Manche Medikamente machen die Haut so lichtempfindlich, dass es bei starker Sonneneinwirkung schnell zu Sonnenbränden kommt. Dazu zählen:

  • Antibiotika wie Doxycyclin
  • Antidiabetika
  • Rheuma-Mittel wie Azapropazon
  • Psychopharmaka
  • Harntreibende Medikamente wie Furosemid oder Hydrochlorothiazid
  • Herzmedikamente wie Amiodaron
  • Das stimmungsaufhellende Johanniskraut

Wichtig: Beipackzettel immer studieren und berücksichtigen. Im Zweifel Arzt oder Apotheker konsultieren.

Zäpfchen und Sprays sind hitzeempfindlich

Grundsätzlich sollten alle Medikamente an heißen Tagen mit einer Zimmertemperatur über 25 Grad geschützt werden, da sie durch zu hohe Temperaturen ihre Wirksamkeit verlieren können. Während Tabletten und Dragees vergleichsweise robust sind, reagieren vor allem Arzneien in weicher und flüssiger Form auf Hitze, wie unter anderem „apotheken.de“ schreibt:

  • Zäpfchen können schmelzen.
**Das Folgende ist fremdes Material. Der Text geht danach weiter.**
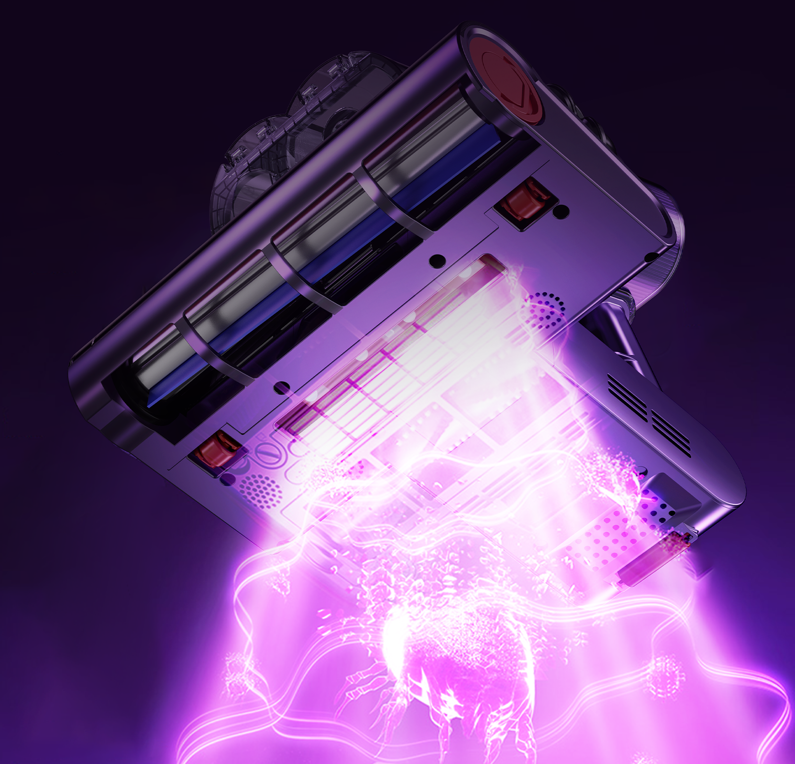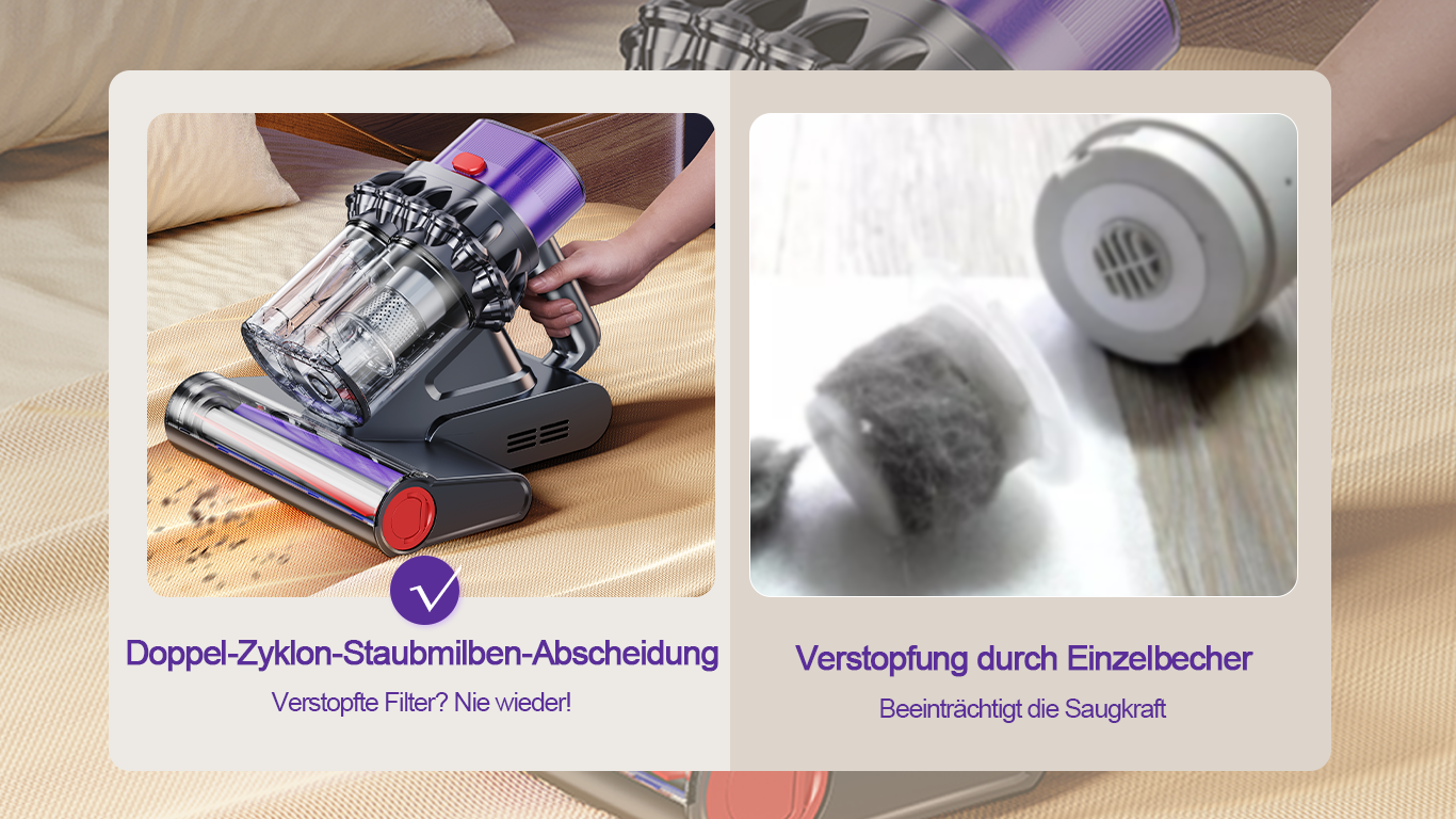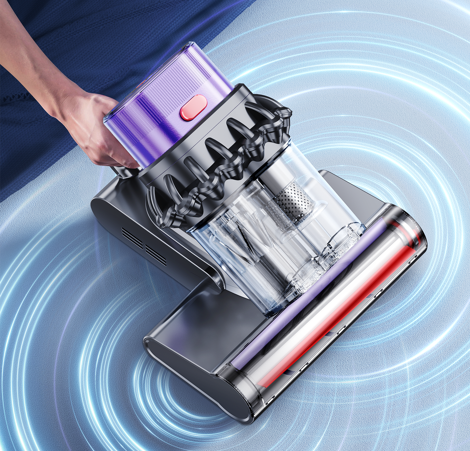 Fünf-Kegel-Luftstrom-Technologie für verstärkte Saugwirkung + drei Motoren mit ultraschnellen bürstenlosen Motoren + ursprüngliche T-Beat oszillierende Hochfrequenz- "Schnappsaug"-Funktion (schnelle Saugfunktion) + upgradeder vierfache Saugkanal für herausragende Tiefenreinigung und Milbenabtötung mit einer Bakterien- und Milbenabtötungsrate von 99,99 %.

Wiedererstarrt bitte nicht verwenden, da der Wirkstoff nicht mehr gleichmäßig verteilt ist
  • Cremes und Salben können sich flüssige von festen Bestandteilen lösen
  • Säfte und Lösungen sind ebenfalls hitzeempfindlich
  • Sprays: Sie heizen auf, wodurch die Dosiergenauigkeit verloren gehen kann (gilt auch für Asthmasprays)
  • Wirkstoffpflaster: Wirkstoffe werden schneller durch die Haut aufgenommen, Gefahr der Überdosierung

Ab ins Gemüsefach

Wichtig ist, dass die Medikamente nicht nur kühl, sondern auch trocken gelagert werden. Ist es selbst im abgedunkelten Flur zu warm, bietet sich etwa das Gemüsefach im Kühlschrank an, da dort keine Gefahr der Unterkühlung besteht.
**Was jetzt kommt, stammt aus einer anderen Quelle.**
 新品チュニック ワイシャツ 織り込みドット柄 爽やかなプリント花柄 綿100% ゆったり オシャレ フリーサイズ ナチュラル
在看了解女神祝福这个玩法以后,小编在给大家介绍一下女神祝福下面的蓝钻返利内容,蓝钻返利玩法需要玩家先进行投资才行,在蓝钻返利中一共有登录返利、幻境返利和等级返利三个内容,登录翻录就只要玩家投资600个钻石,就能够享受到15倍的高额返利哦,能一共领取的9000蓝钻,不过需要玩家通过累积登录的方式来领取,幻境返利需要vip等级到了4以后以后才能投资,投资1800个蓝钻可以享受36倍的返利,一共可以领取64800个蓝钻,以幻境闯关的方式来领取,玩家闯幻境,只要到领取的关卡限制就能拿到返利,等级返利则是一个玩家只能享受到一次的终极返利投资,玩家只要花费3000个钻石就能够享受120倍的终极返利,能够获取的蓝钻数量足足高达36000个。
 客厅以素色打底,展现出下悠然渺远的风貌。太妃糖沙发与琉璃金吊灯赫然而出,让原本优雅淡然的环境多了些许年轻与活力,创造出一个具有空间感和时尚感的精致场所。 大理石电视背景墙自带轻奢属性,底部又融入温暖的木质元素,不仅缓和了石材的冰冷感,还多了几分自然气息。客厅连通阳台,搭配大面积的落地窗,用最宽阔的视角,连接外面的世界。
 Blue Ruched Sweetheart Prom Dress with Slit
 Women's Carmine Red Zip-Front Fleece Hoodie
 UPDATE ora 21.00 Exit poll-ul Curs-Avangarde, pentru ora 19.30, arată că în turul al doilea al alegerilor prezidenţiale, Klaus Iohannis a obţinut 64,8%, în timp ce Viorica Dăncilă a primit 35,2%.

Die Techniker Krankenkasse rät außerdem:

Medikamente nicht im geparkten Auto zurücklassen – auch nicht für kurze Zeit. An sonnigen Tagen werden hier schnell 70 Grad erreicht. Selbst Tabletten, die am widerstandsfähigsten bei Hitze sind, verlieren nach einer halben Stunde bei 50 Grad ihre Wirksamkeit. Tipp für den Transport im Auto: Der kühlste Platz ist unter den Vordersitzen.
Medikamente auf Reisen in eine Kühltasche packen, aber nicht direkt an die Kühlakkus legen, da frostige Temperaturen ebenfalls die Wirkung verändern können. Deshalb solltet ihr Medikamente auch nie im Frachtraum von Flugzeugen lassen: Wenn beispielsweise Insulin einfriert, kann es seine Wirksamkeit verlieren.
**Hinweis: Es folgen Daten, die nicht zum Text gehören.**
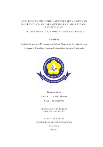 Manan, Abdul (2021) Analisis Yuridis Terhadap Penerapan Dakwaan dan Pemidanaan Dalam Perkara Tindak Pidana Pembunuhan (Studi Kasus Putusan Nomor: 51/PID.B/2015/PN.SBG.). S1 thesis, Universitas Kristen Indonesia.
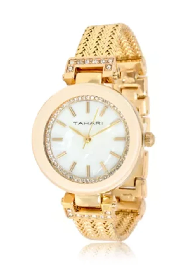 Tahari Adult Womens Analog Watch w Gold Case and Bracelet Model# TAH5752
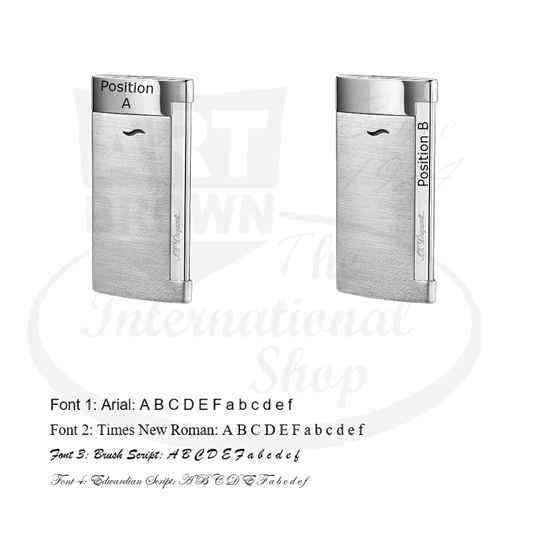 Add a personalized engraving on your new S.T. Dupont lighter. Engraving is typically 3 letters although we can discuss more. Feel free give us a call if you have any questions or a specific engraving idea that is not shown here.
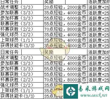 荣耀十一人里面的任务系统是一个十分重要的系统,小伙伴们完成任务系统之后能够获得大量的资源奖励用来培养球员,那么荣耀十一人里面的任务功能究竟应该怎么玩呢?下面小编就给大家介绍一下荣耀十一人任务系统功能简介,希望能够帮助到大家。 任务系统功能简介 1、日常任务 a、该功能在玩家达到8级时解锁 b、玩家完成每日指定任务,可获取活跃值、玩家经验、卡牌碎片&银币&钻石奖励 c、玩家累积一定活跃值后,可领取活跃宝箱。 d、每日任务每天0点重置
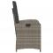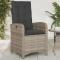 Chaise inclinable de jardin avec coussins gris résine tresséeDétendez-vous et profitez de l'extérieur dans cette chaise de jardin inclinable confortable ! Matériau durable : la résine tressée, également connue sous le nom de poly rotin, est un matériau synthétique solide et nécessitant peu d'entretien qui ressemble au rotin naturel. Il est léger, facile à nettoyer et couramment utilisé pour les meubles d'extérieur en raison de sa durabilité et de ses propriétés de résistance aux intempéries. Dossier réglable : ce meuble de jardin est équipé d'une poignée sur le côté droit. Vous pouvez régler le dossier dans n'importe quelle position en tirant sur la poignée. Vous pouvez également remettre rapidement le dossier dans sa position initiale à l'aide de la poignée. Expérience d'assise confortable : ce mobilier d'extérieur, doté de coussins épais, offre une expérience d'assise confortable. Housse amovible et lavable : ces coussins de siège sont dotés de housses amovibles pour un lavage et un entretien faciles. Cadre robuste et stable : le cadre en acier enduit de poudre assure la solidité et la stabilité du meuble de jardin pour une utilisation quotidienne à l'extérieur. Bon à savoir : Pour que vos meubles d'extérieur restent beaux, nous vous recommandons de les protéger avec une housse imperméable. Maximum 110 kg par siège. Soyez conscient du risque de feux ouverts et d'autres sources de forte chaleur à proximité du produit.
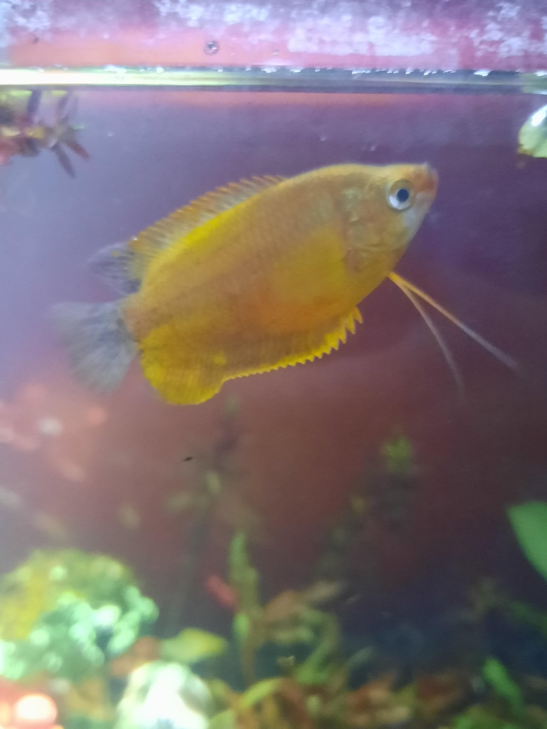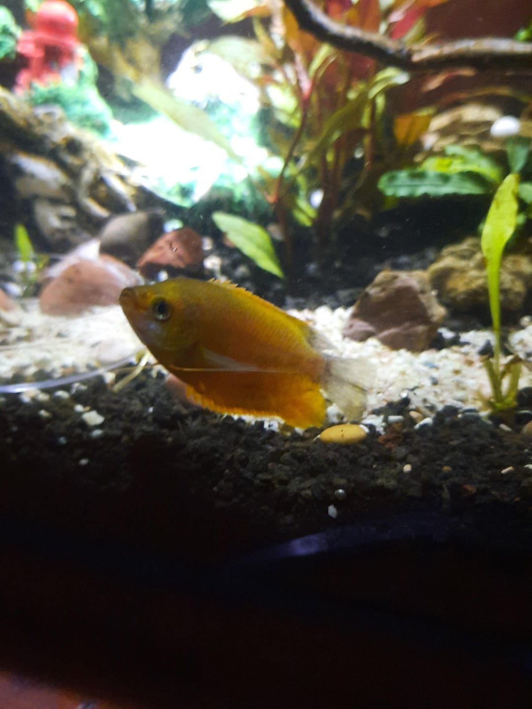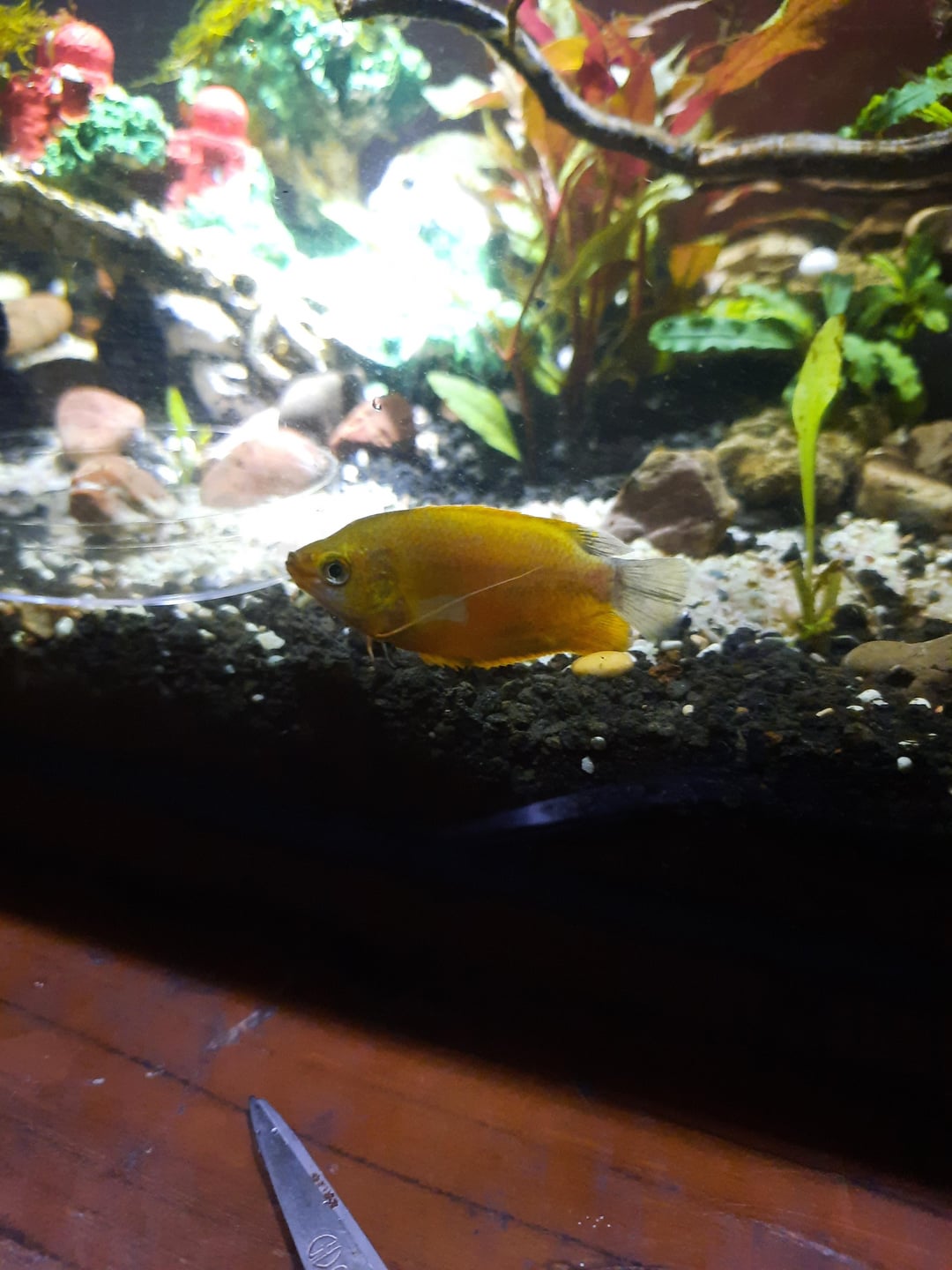 Help, my dumbass bought this guy from lfs and just assumed it's a honey gourami bcs it's yellow.. (I forgot to ask, i went like "oh, this gourami?"). But he's not shy at all and now he's actively swimming & patrolling the whole entire tank, even when he was still inside the bag he's actively swimming around. I need to know is he a honey or not bcs I planned on getting neocaridina shrimps, as friends not a snac

Zuletzt noch ein Hinweis auf Medikamente, die immer gekühlt werden müssen:

  • Insulin
  • Impfstoffe
  • Arzneien auf Eiweißbasis wie Biologika gegen Rheuma
  • Generell viele pflanzliche Mittel.

Ob ein Arzneimittel gekühlt werden muss, steht auf der Verpackung.